## [Task directions]
Copy out every line of the data exactly; do not include the images.

## [Collected material]
* * * *
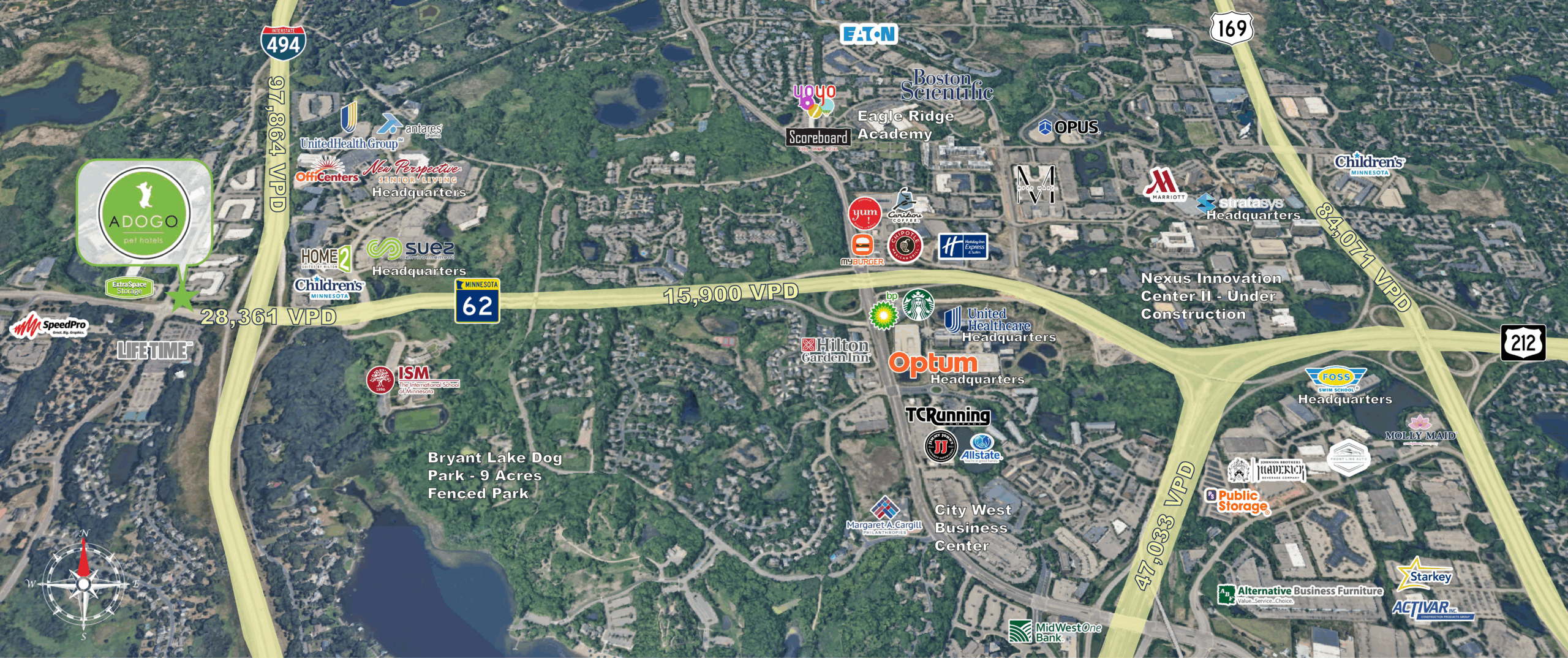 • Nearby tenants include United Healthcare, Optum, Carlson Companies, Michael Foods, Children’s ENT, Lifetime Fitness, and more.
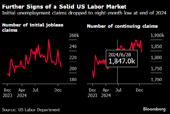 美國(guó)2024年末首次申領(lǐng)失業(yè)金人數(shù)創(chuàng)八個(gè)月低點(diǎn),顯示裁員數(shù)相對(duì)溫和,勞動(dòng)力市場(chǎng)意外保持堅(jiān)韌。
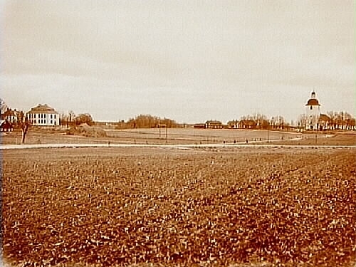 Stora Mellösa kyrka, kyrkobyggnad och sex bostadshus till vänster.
* * * *
## [Output]
 • Nearby tenants include United Healthcare, Optum, Carlson Companies, Michael Foods, Children’s ENT, Lifetime Fitness, and more.
 美國(guó)2024年末首次申領(lǐng)失業(yè)金人數(shù)創(chuàng)八個(gè)月低點(diǎn),顯示裁員數(shù)相對(duì)溫和,勞動(dòng)力市場(chǎng)意外保持堅(jiān)韌。
 Stora Mellösa kyrka, kyrkobyggnad och sex bostadshus till vänster.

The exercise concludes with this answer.